Mobilità
7 gennaio, 2026Il Salone di Bruxelles (9-18 gennaio), a lungo non memorabile perché surclassato da quello più internazionale di Ginevra poi cancellato, è diventato il primo evento automobilistico dell’anno
Chi l’avrebbe mai detto? Il Salone di Bruxelles (9-18 gennaio), a lungo non memorabile perché surclassato da quello più internazionale di Ginevra poi cancellato, è diventato il primo evento automobilistico dell’anno. Il primato apparteneva storicamente a Detroit (quest’anno dal 14 al 25 gennaio), escludendo il Ces di Las Vegas dedicato al tech (dal 6 al 9 gennaio), anche se qui l’auto è da tempo ospite fisso, grazie all’importanza crescente del software e agli investimenti sulla guida autonoma
Presenti 67 costruttori
A Bruxelles sono presenti 67 costruttori di automobili e van e 28 marchi di moto, rappresentati sia dalla casa madre che da filiali nazionali o concessionari locali. Da notare che, a livello di mercato dell’Unione europea, nel Belgio ospitante le vendite di auto elettriche nei primi 11 mesi dell’anno sono aumentate del 10,2% (dati Acea), la crescita più alta dopo la Germania (+41%), seguito da Francia (+9%) e Olanda (+8,8%). Ma, sia per le elettriche che per l’intera industria della mobilità, in Europa non sono tempi brillanti, nel pieno di una transizione complicata verso le emissioni zero e di una trasformazione tecnologica, due voci che richiedono massicci investimenti e attenzione.
Sugli stand 62 modelli Stellantis
Facendo l’appello come a scuola, al Salone si distingue per presenza quasi al completo il gruppo Stellantis, che esce da un anno complicato in cui ha cambiato amministratore delegato e ha perso – solo sui mercati Ue+UK+Efta – il 4,5% nei primi 11 mesi del 2025. A Bruxelles sarà la prima uscita pubblica di Emanuele Cappellano, il nuovo boss di Stellantis in Europa. Sugli stand, 62 modelli di 11 dei 15 marchi automobilistici del gruppo (Leapmotor compreso, in più ci sono i commerciali di Stellantis One), con due anteprime – Opel Astra e Peugeot 408, versioni rinnovate e non nuove generazioni - e due concept, Citroën Elo e Opel Opel Corsa Gse Vision Gran Turismo.

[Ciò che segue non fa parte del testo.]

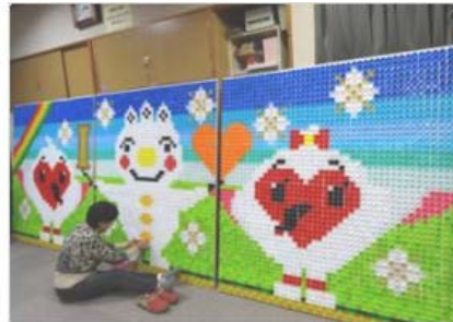
最後の仕上げ！ネージュくと、トッキッキの 出来上がり。きれいでしょ。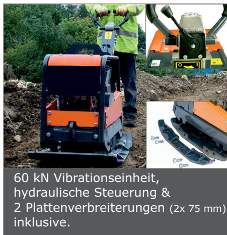
60 kN Vibrationseinheit, hydraulische Steuerung & 2 Plattenverbreiterungen (2x 75 mm) inklusive.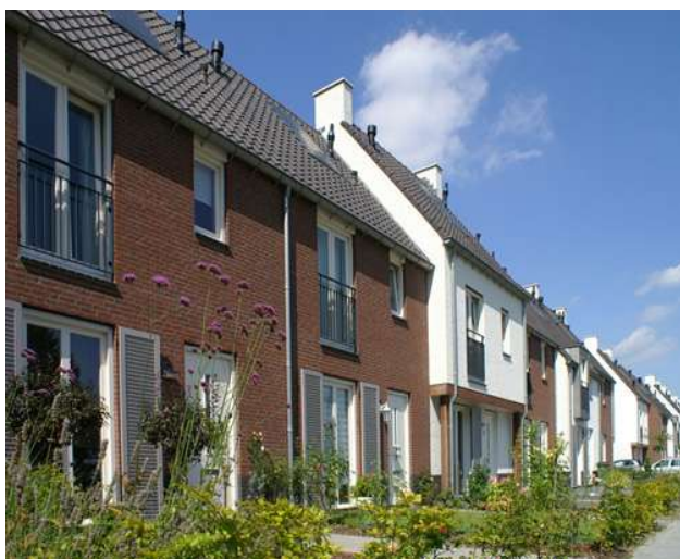
voorbeeld traditionele stijl

Architectenbureau Visser en Bouwman is een middelgroot architectenbureau dat is gevestigd in 's-Hertogenbosch. Wij zijn actief in bijna alle sectoren van de bouw. Wij realiseren gemiddeld ongeveer 400 woningen per jaar (2012). Wij hebben ervaring met diverse bouwconcepten zoals o.a. : PCS, Huismerk, Wenswonen, Optio, IQ, Groothuis e.a. Daarnaast helpen wij bouwers met de ontwikkeling van hun eigen conceptwoning met het VB-referentieplan.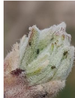
Fondatrices de pucerons verts, Qualisol 2023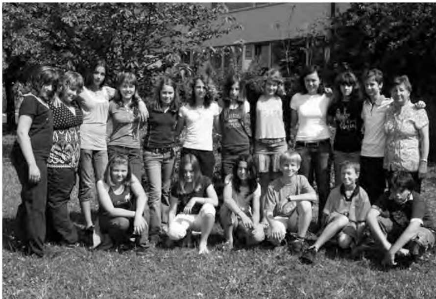
Prostovoljci v projektu.

Z druženjem so bili oboji zadovoljni, zato bodo učenci pri projektu z ve-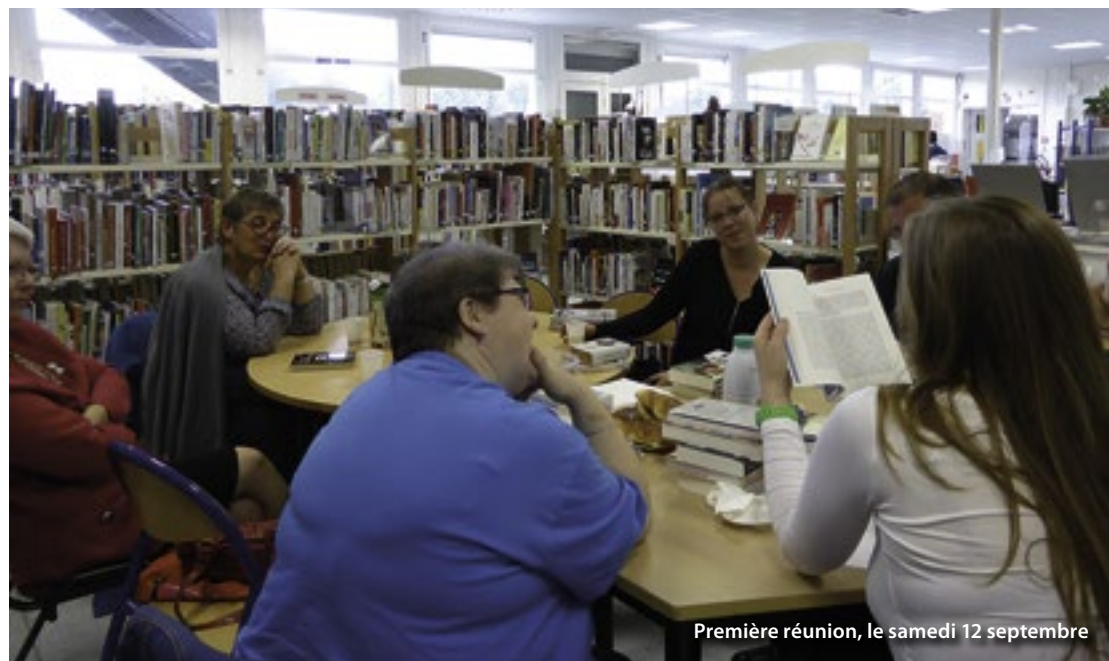
Première réunion, le samedi 12 septembre

Renseignement / inscriptions : 03.21.37.12.58 ou bibliotheque@libercourt.com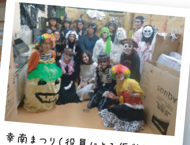
幸南まつり(役員による仮装)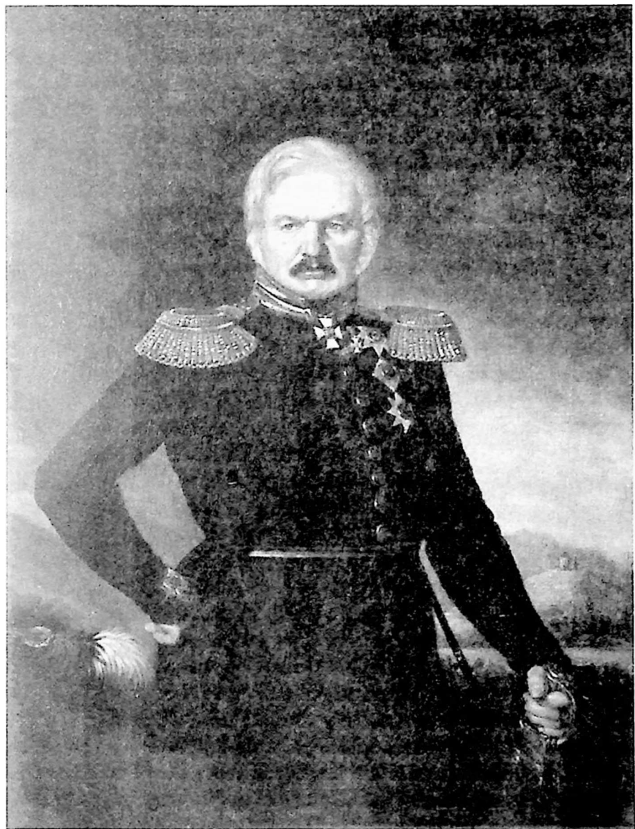
ალექსეი ერმოლოვი (1816-1827)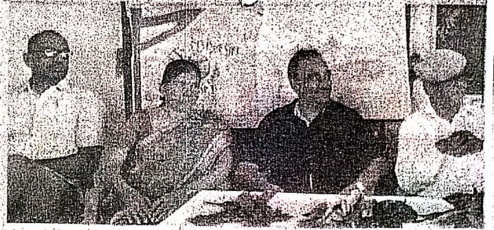
पाटन कॉलेज में आयोजित कार्यक्रम में उपस्थित अतिथि।

जैविक खेती की बात करते हुए मिट्टी के घरों को भी जल संरक्षण के लिए आवश्यक बताया। सोखता गड्ढा बनाकर और पेड़ पौधे लगाकर छोटे छोटे स्तर पर जल संरक्षण करने की बात कही।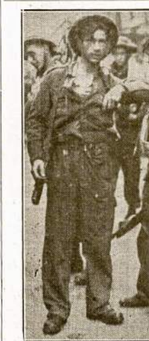
Būrys aliantų Komandos, kurie aną dieną buvo siveržė į Dieppe, Francizijoje. Atakoje dalyvaavo kanadiečių, anglių, laisvųjų francūzių ir amerikiečių Rangers būriai. Šis paveikslas prisistatys iš Anglijos per radiją kada Komandos buvo tik grynė iš atakos.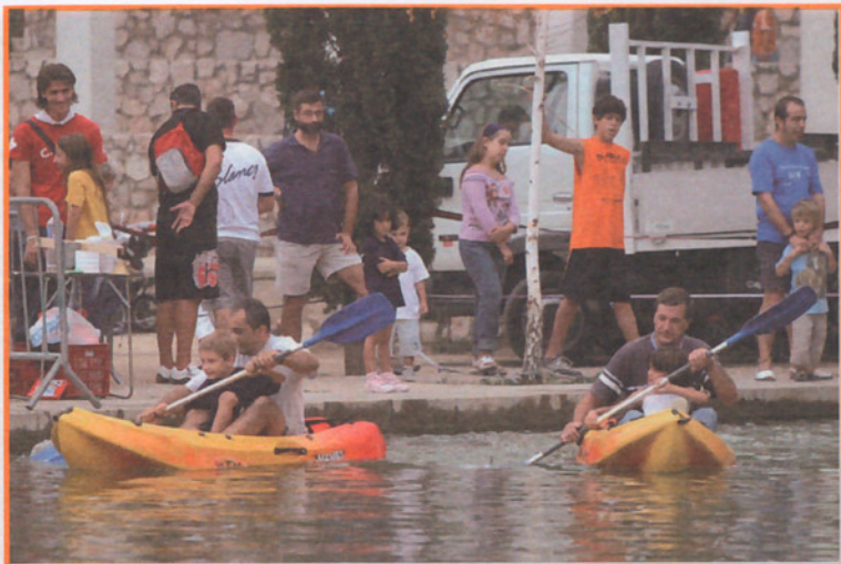
La Agrupación Excursionista ofreció su especial ruta de aventura.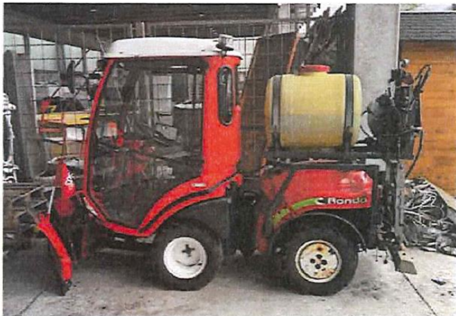
Slika 1: Traktor Carraro Rondo letnik 2010

Namen nakupa: ZAMENJAVA DOTRAJANEGA VOZILA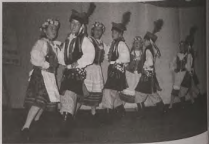
W przeglądzie wystąpili „krakowiacy” z Sarbic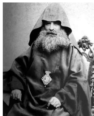
Le catholicos Sahak II, 1902-1939. Le siège de la Maison de Cilicie est aujourd'hui à Antélias.

Dans ces conditions, ces photos se transforment en des images emblématiques, en des symboles d'un temps révolu à jamais. Portraits familiaux et individuels, des ateliers et leurs artisans, des marchés et leurs clients, des écoles et leurs élèves, des églises et leurs fidèles peuplent les pages de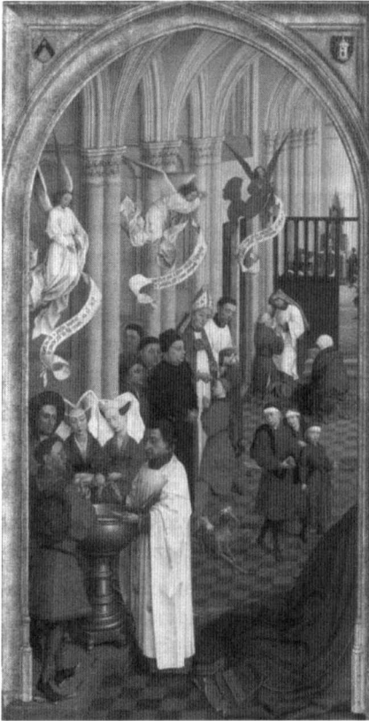
Abb. 2: Linke Tafel des Triptychons „Altar der sieben Sakramente“, 1445

Eine zweite frühe und bedeutende Darstellung eines (spät-)mittelalterlichen Kirchen- oder Beichtstuhls bietet das um 1445 entstandene Triptychon mit dem Titel „Altar der sieben Sakramente“ des flämischen Malers Rogier van der Weyden (1399/1400-1464). Die linke Tafel dieses Meisterwerkes der Altniederländischen Malerei stellt im Seitenschiff einer gotischen Kirche die Feiern von Taufe, Firmung und Buße dar. Wie schon auf der Miniatur im älteren Mailänder Stundenbuch sitzt der Spender des Bußsakramentes auch in diesem Fall auf einem repräsentativen hölzernen Armlehnstuhl, dem hier allerdings ein kleines Holzpodest vorgelagert ist. Auf diesem Podest kniet der Pönitent. Der Stuhl steht hier vor einer Rückwand, die den Chorraum vom Langhaus der Kirche trennt. 21 So wird die Beichte in einem Raumteil außerhalb des Presbyteriums verortet, der allen Gläubigen zugänglich ist. Da der Stuhl in die Stufenanlage eingelassen ist (siehe Detailansicht), kann er als feststehender liturgischer Ort bzw. Einrichtungsgegenstand in diesem Kirchenraum gesehen werden, der offensichtlich nicht nur temporär aufgestellt wurde.

Fa meglio il quindicesimo marchio cinese, Leapmotor, con l’anteprima di un inedito Suv compatto elettrico, B03X, incuriosisce Fiat Qubo L, probabile monovolume per passeggeri fino a sette posti derivata della Doblò Maxi commerciale, stuzzica il reveal di un’Alfa Romeo, probabile serie speciale di un modello esistente.
Tutti i marchi cinesi in mostra
Proseguendo nell’appello, senza sbagliare i nomi dei gruppi Renault e Volkswagen presenti, bisognerà abituarsi a pronunciare bene quelli dei costruttori cinesi, che in Europa non fanno mai un giorno di assenza per l’obbligo di esportare il più possibile e tenendo conto del mercato nordamericano a loro chiuso. Fra questi, spiccano i big (per numeri decrescenti) MG, Byd e Omoda e Jaecoo del gruppo Chery, si distingue Xpeng portando la berlina elettrica ammiraglia super tech P7+, in vendita da quest’anno anche in Europa. A tallonare tutti da vicino, i soliti giapponesi e coreani, a partire dai big di Toyota e Hyundai.
Il Salone di Bruxelles accoglie infine l’annuncio dell’Auto dell’Anno, evento che si teneva a Ginevra, con le 7 finaliste sugli stand tra le quali ci sarà la vincitrice, cioè la più votata da parte di una giuria giornalistica europea.